Let’s talk about deep time!
by Hanna Knahl
“Rainforest in Antarctica” sounds like an April fool? Or like a climate apocalypse scenario for the future? It actually was real. Let’s go deep back in time to the fascinating epoch of the dinosaurs!
Deep time in climate science is about travelling back in time – namely very deep – like back to the Cretaceous, almost 100 Million years ago. What’s the most exciting thing about the Cretaceous? Many would say: the dinosaurs! But this epoch was about much more than only dinosaurs. This article will show us an astonishing face of Antarctica revealed by the findings of Klages et al., 2020 [1].

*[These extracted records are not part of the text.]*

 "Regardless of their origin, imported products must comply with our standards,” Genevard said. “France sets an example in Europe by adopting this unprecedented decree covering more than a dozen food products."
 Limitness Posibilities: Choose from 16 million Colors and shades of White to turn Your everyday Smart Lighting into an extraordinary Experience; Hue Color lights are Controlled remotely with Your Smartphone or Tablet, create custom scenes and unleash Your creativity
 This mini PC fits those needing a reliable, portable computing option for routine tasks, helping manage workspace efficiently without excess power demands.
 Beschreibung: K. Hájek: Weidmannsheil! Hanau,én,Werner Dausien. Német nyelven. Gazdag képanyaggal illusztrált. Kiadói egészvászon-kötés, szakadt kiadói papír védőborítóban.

Antarctica has more than one face
Today, Antarctica is covered by a huge ice sheet. But during the Cretaceous it must have looked completely different because Earth’s climate was much hotter than today. Show us your other face, Antarctica!

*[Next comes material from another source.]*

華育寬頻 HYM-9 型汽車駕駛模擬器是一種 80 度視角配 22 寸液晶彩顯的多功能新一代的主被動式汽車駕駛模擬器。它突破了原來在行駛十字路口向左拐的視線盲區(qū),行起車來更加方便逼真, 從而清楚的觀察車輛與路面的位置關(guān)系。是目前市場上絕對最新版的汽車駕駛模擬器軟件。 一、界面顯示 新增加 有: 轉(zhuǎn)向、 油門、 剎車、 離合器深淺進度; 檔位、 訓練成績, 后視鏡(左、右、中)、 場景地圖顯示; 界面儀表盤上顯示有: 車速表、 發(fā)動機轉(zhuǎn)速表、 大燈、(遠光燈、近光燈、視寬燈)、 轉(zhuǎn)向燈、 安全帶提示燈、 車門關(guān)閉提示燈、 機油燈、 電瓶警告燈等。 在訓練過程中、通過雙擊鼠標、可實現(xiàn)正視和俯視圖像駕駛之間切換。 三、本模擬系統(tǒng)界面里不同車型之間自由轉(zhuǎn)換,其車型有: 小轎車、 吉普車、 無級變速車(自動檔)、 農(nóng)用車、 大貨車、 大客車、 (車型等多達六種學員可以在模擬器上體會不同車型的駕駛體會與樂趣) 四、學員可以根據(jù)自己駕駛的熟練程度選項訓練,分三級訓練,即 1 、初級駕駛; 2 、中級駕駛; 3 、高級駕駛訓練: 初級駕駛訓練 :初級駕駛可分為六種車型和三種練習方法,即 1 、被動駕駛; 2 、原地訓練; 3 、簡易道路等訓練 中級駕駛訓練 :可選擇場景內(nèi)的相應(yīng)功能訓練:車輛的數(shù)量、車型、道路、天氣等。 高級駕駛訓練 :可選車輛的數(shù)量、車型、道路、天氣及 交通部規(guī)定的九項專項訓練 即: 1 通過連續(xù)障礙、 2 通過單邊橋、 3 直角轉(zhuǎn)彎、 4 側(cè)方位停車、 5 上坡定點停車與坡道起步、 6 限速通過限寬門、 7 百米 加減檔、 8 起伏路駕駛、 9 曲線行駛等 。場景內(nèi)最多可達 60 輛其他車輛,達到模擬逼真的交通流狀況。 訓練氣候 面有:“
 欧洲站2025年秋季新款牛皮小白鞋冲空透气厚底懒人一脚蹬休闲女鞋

How do we find out about Antarctica during the Cretaceous?
Vegetation and climate in deep time can be recovered from ocean sediments. Layers of sediments preserve information about the climate they were formed in. In this special case the former surface of the Antarctic continent sank underneath the ocean. Then, sediments formed above and thereby preserved the old forest floor. Scientists around Johann Klages from the Alfred-Wegener-Institute in Bremerhaven (AWI) were able to drill a core from these special old sediments.
The expedition
To drill a sediment core in Antarctica you need a well-planned research expedition and fancy technical equipment. The Polarstern expedition PS104 went to the drill site in the Amundsen Sea in West Antarctica (see Figure 3). While Polarstern was floating above the spotted drill site, the drill rig called “MeBo” was lowered 950 metres down to the sea floor. It then drilled into the ocean floor with a tube which collects the sediment layer by layer. Sounds easy but the robotic drill rig MARUM-MeBo70, which was developed at Center for Marine Environmental Science (MARUM) in Bremen, looks technically very complicated (see Figure 4). After the remotely controlled drilling, the sediment core was brought up with MeBo back on deck of Polarstern (see Figure 4).

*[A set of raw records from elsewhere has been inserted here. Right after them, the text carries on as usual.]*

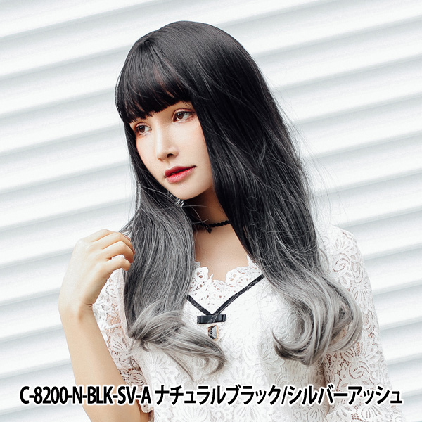 ウィッグ 『Tefure(テフリ) 大人ロングストレート ナチュラルブラック×シルバーアッシュ』 富士達 C-8200
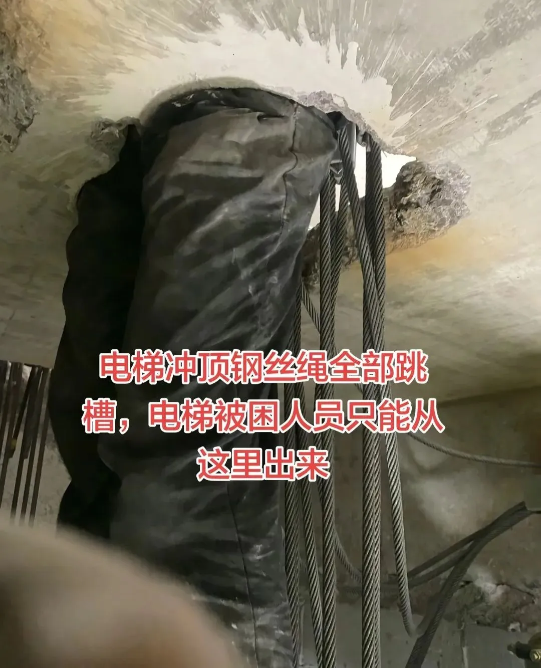 电梯冲顶钢丝绳全部跳槽,被困人员只能从这里出来!
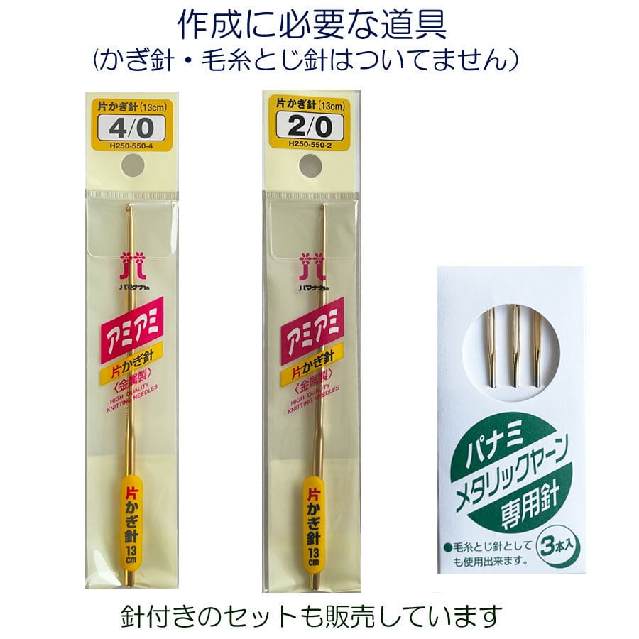 作成に必要なかぎ針、毛糸とじ針はついてません。
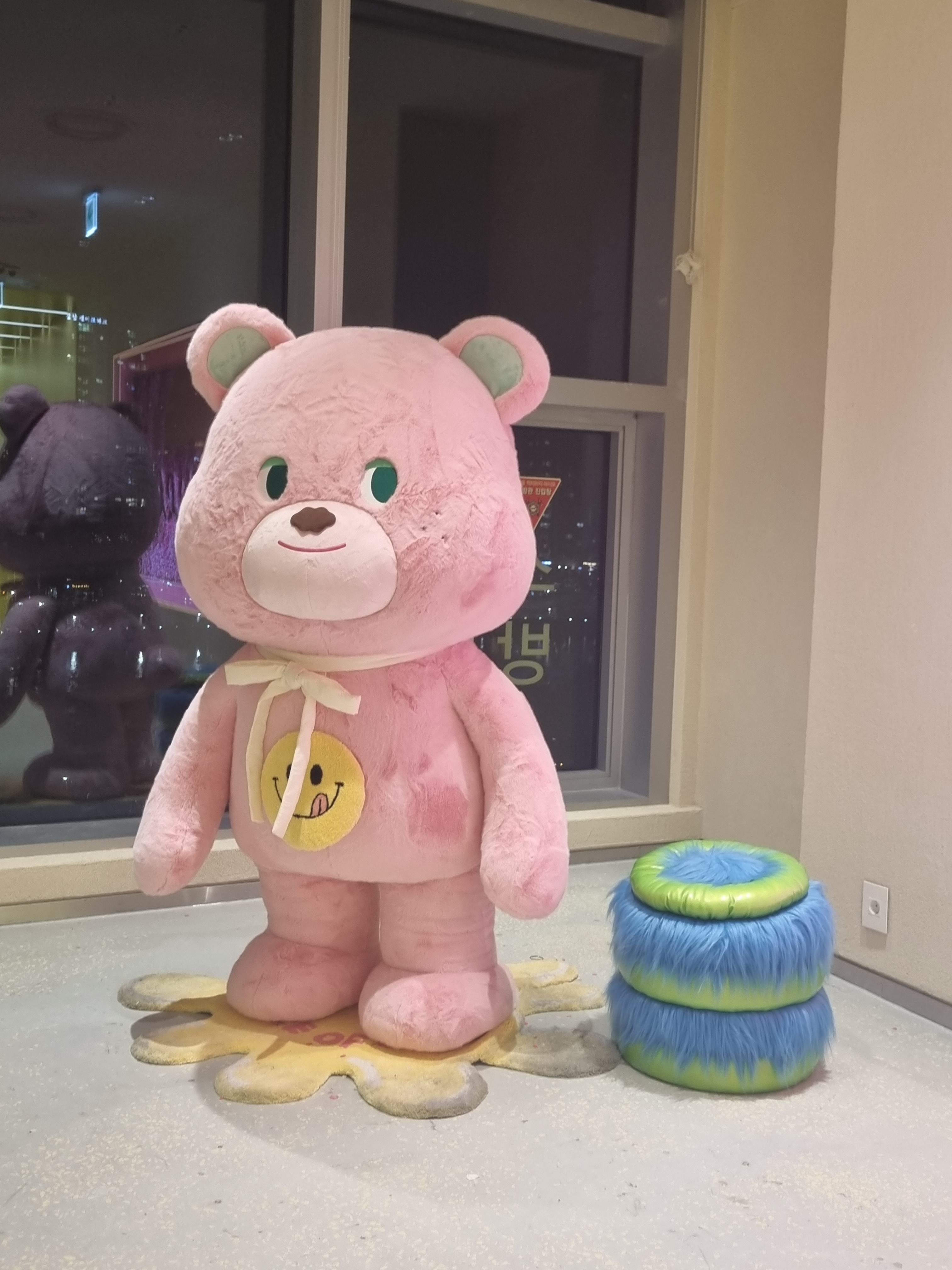 노티드 월드에 가면 가장 먼저 눈길을 사로잡는 것이 바로 귀여운 캐릭터들이에요. 왕크니까 왕귀여운 노티드 캐릭터 슈가베어가 귀여움을 뽐내고 있고요. 노티드의 상징이자 대표 디저트인 컵케이크를 구현한 전시물도 볼 수 있어요.

Many hands were needed to analyse and preserve the fresh drill core of 30 metres length in total (Figure 5).
It is the first sediment core drilled this far South. Therefore, it helps enormously to close the gap of knowledge about Antarctica in deep time. So, what does the core tell us?
Root system of a rainforest
3 metres of the sediments (shown in Figure 6 (lower part)) contain a big variety of information. First of all, the very important information about the time. This part of the core is around 90 Million years old – so, it’s from the middle of the Cretaceous (for the experts: Turonian-Santonian).
It contains pollen, spores and even a very fascinating root system which is nicely visible in the CT scan of the core (Figure 6 (right) in green). These roots are the remanence of a temperate lowland rainforest which might have looked alike the beautiful drawing in Figure 7 (also teaser figure).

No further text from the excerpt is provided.